Build risk management into the AI lifecycle
As mentioned, the key to adhering to regulatory requirements while simultaneously fostering growth is embedding risk management into the AI lifecycle. That should be woven into the design phase and throughout deployment to allow teams to innovate and iterate quickly while adhering to requirements.
Combined with the necessary governance, companies can use accountability mechanisms to ensure the data used to train AI systems is high-quality, accurate and consistent. Model interpretability, or the ability to decipher and explain the cause and effect within a system, is one way of monitoring data to identify errors. The ability to explain the input of a system, the function of its process and the produced output provides a means of surveying data for bias and variability. Understanding how an AI system functions enables teams to use the appropriate security audits to evaluate bias, safety concerns and data validity.

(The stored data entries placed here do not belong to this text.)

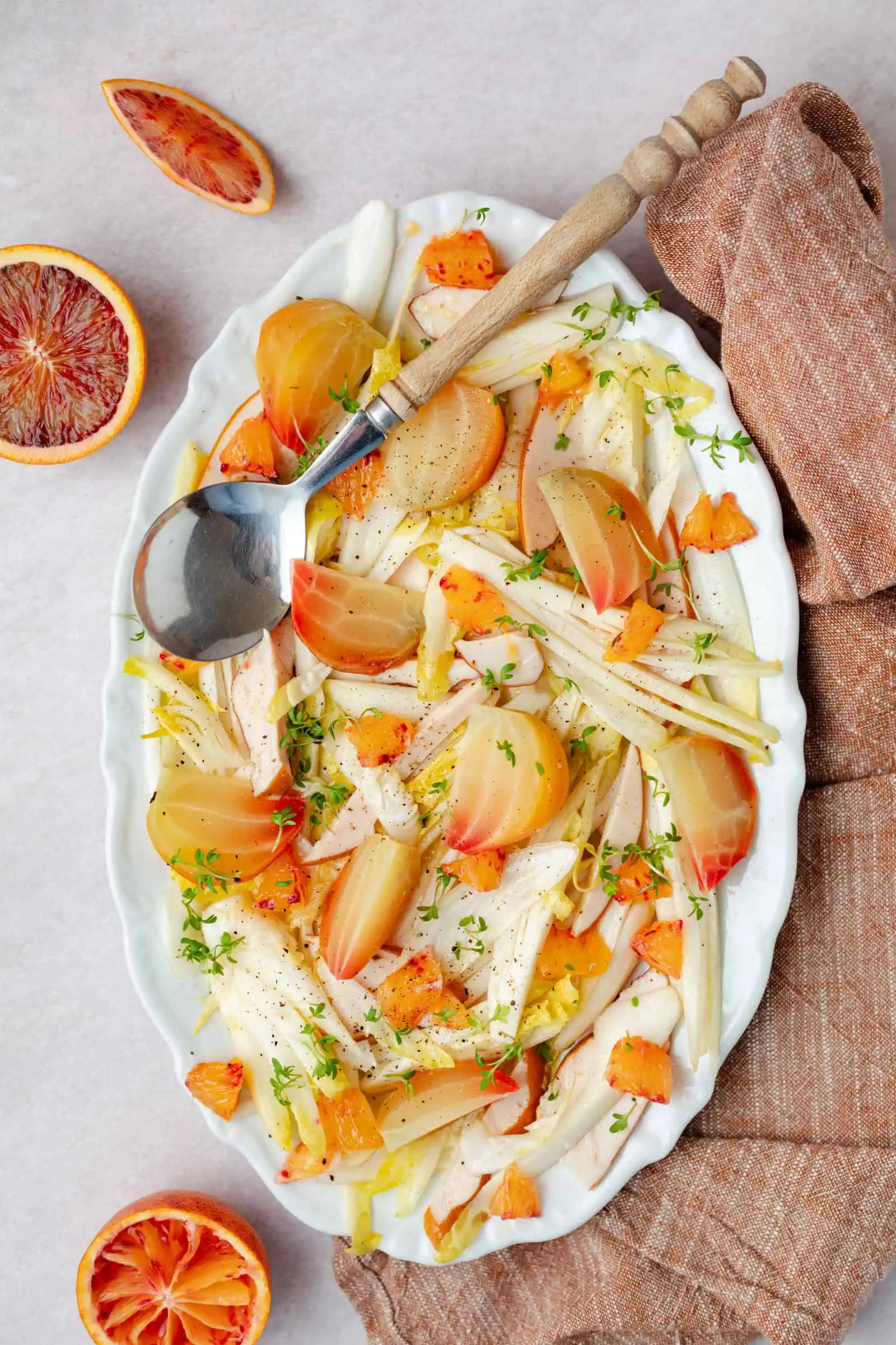 - Verdeel de aangemaakte witlof over een groot bord en garneer je witlofsalade met partjes biet en (bloed)sinaasappel, de walnoten, tuinkers en nog een snufje gemalen zwarte peper.
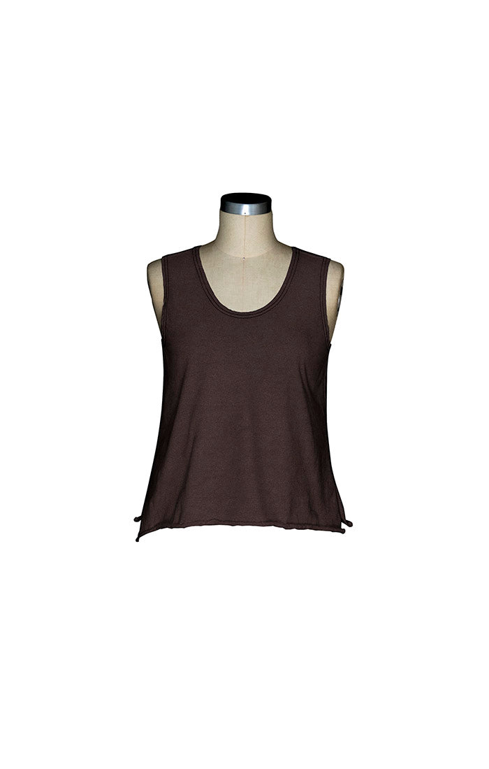This soft cotton knit tank is your go-to for effortless layering. Bra-friendly straps and a scooped neckline keep things comfortable, while the relaxed A-line cut skims without clinging. Raw edges and side slits add a touch of ease and movement, hitting right at the high hip for that sweet spot between coverage and breathability. Simple, wearable, and ready for whatever comes next.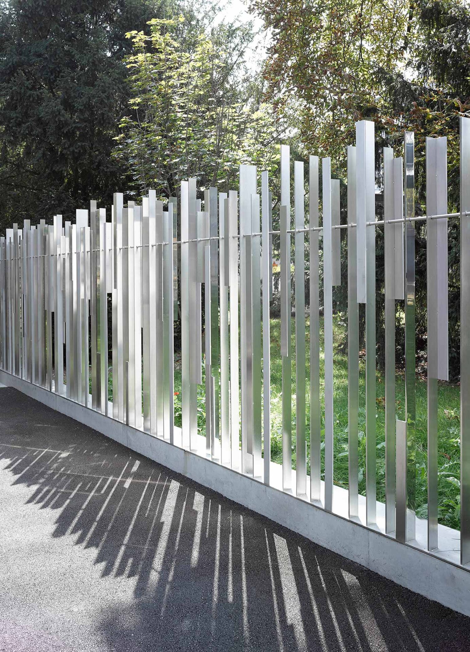 Rather than treating security as an added layer, the design integrates it as an inherent part of the architectural and landscape concept in Geneva, Switzerland. The perimeter is conceived as a continuous structure that moves through different spatial conditions. In wooded areas it appears as a slender fence that weaves between trees, while across open meadows and orchards it adopts a more linear expression. Constructed from steel elements with varying spacing and surface treatments, it responds to the specific character of each surrounding landscape. Its soft, fabric-like appearance allows it to dissolve into its environment and act as a visual filter between interior and exterior.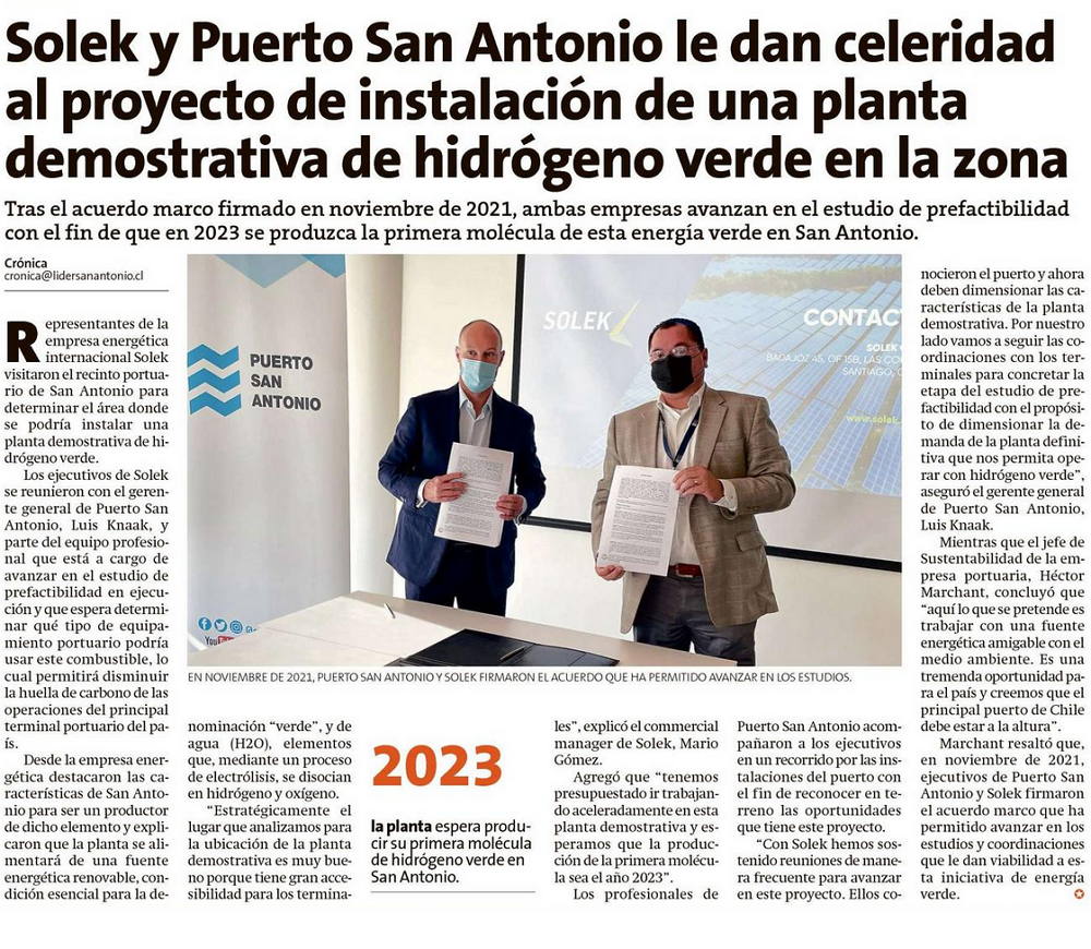 Solek y Puerto San Antonio aceleran proyecto de planta demostrativa de hidrógeno verde - (portalportuario)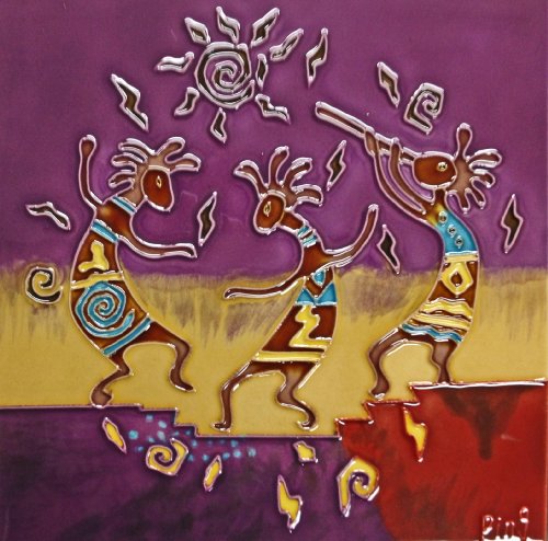 Continental Art Center BD-0717 8 by 8-Inch Three Kokopellis with Purple Background Ceramic Art Tile
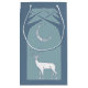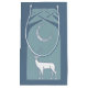 Ett original- Celtic fnurrastilkonstverk som visar en vithjort med stora utgreninghorn på kronhjort i en mjuk blåttskogsilhouette av vävde trädgrenar, och ovannämnt för måne för ljus vit som det växande dekoreras med oändliga fnurror på ett ljust - slösa färghimmel.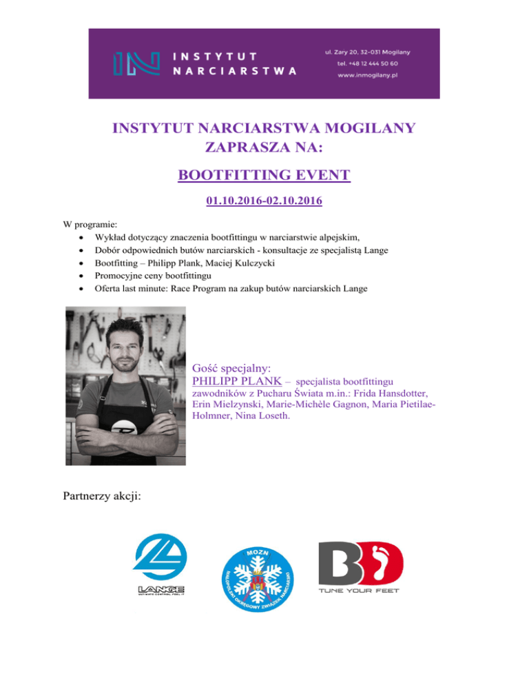INSTYTUT NARCIARSTWA MOGILANY ZAPRASZA NA: BOOTFITTING EVENT 01.10.2016-02.10.2016 W programie: Wykład dotyczący znaczenia bootfittingu w narciarstwie alpejskim, Dobór odpowiednich butów narciarskich - konsultacje ze specjalistą Lange Bootfitting – Philipp Plank, Maciej Kulczycki Promocyjne ceny bootfittingu Oferta last minute: Race Program na zakup butów narciarskich Lange Gość specjalny: PHILIPP PLANK – specjalista bootfittingu zawodników z Pucharu Świata m.in.: Frida Hansdotter, Erin Mielzynski, Marie-Michèle Gagnon, Maria PietilaeHolmner, Nina Loseth. Partnerzy akcji: PROGRAM: 01.10.2016 sobota 10.00-11.30 Znaczenie bootfittingu w narciarstwie alpejskim – Philipp Plank, wykład otwarty 12.00-18.00 Bootfitting (obowiązują wcześniejsze zapisy)* Indywidualne konsultacje ze specjalistą Lange 02.10.2016 niedziela 9.00-18.00 Bootfitting (obowiązują wcześniejsze zapisy)* Indywidualne konsultacje ze specjalistą Lange Rejestracja uczestników: Rejestracja na wydarzenie online: http://www.inmogilany.pl/kalendarzZapisy.php?id=230 Konieczna wcześniejsza rejestracja na bootfitting: 605 269 700, 601 486 800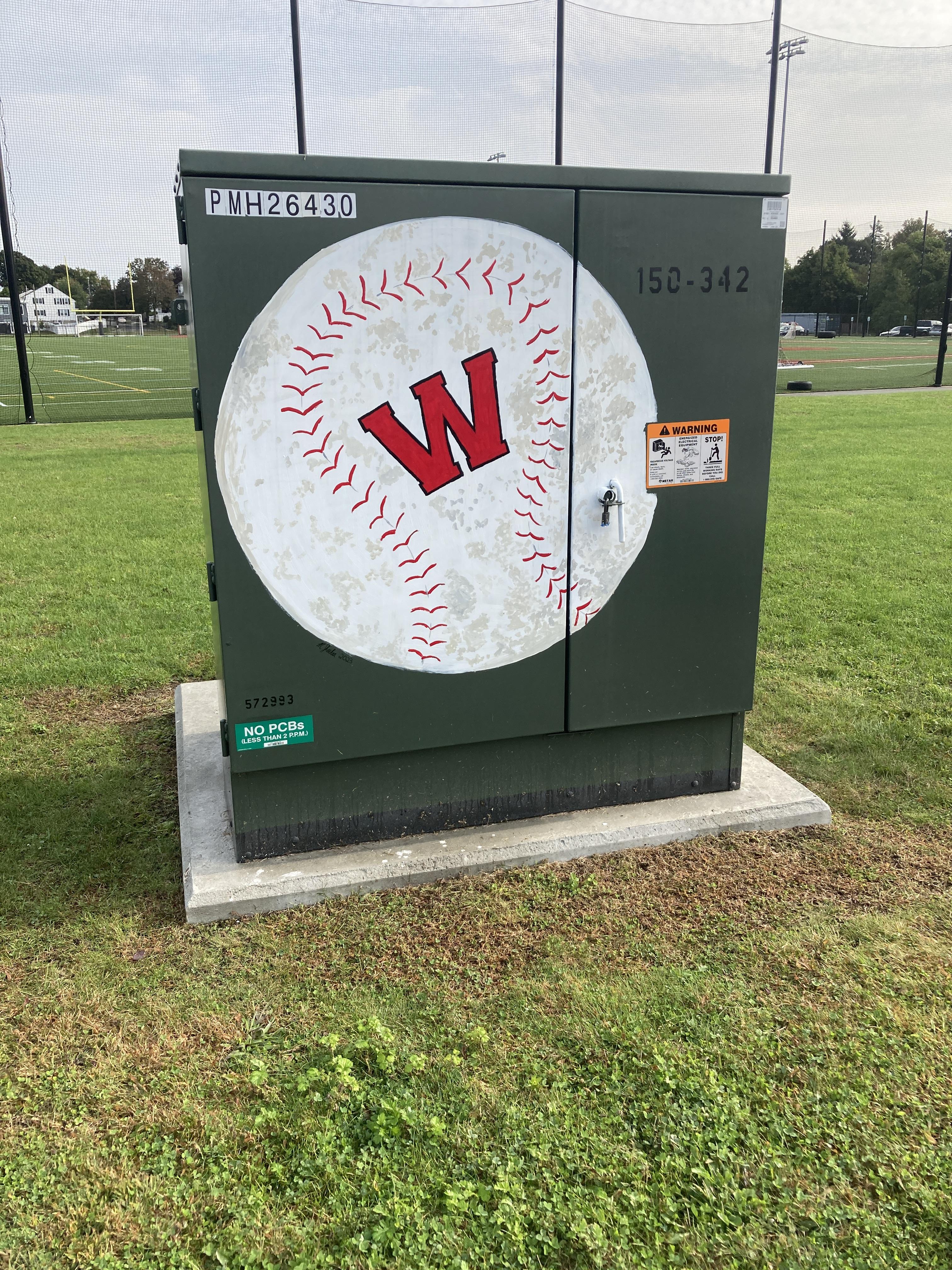 Meghan Sheehan painted two boxes. One, at the Skillings baseball field, has a baseball theme—a ball and “W” logo on one side and baseball players on the other sides.

An audit history also can invoke defensibility within your system. Documenting the data fed into and produced by each model provides evidence that can be used later to demonstrate how the system was designed and used responsibly. For instance, American Bar Association Resolution 604 charges developers to ensure proper “human authority, oversight and control” are in place to drive appropriate accountability. When fighting racial bias, as an example, it behooves corporations to perform their monitoring activities, like model output sampling, in a platform that tracks audit history to improve defensibility of human reviewer decisions.
Once risk management strategies are integrated within AI development and deployment, companies can better capitalize on the massive AI opportunity that awaits them. Given that the regulatory environment is constantly changing, businesses must closely monitor policy changes and embed risk management practices around AI. If addressed proactively, AI regulation does not have to limit innovation; companies can be empowered to pursue business goals with greater confidence and clarity around its use.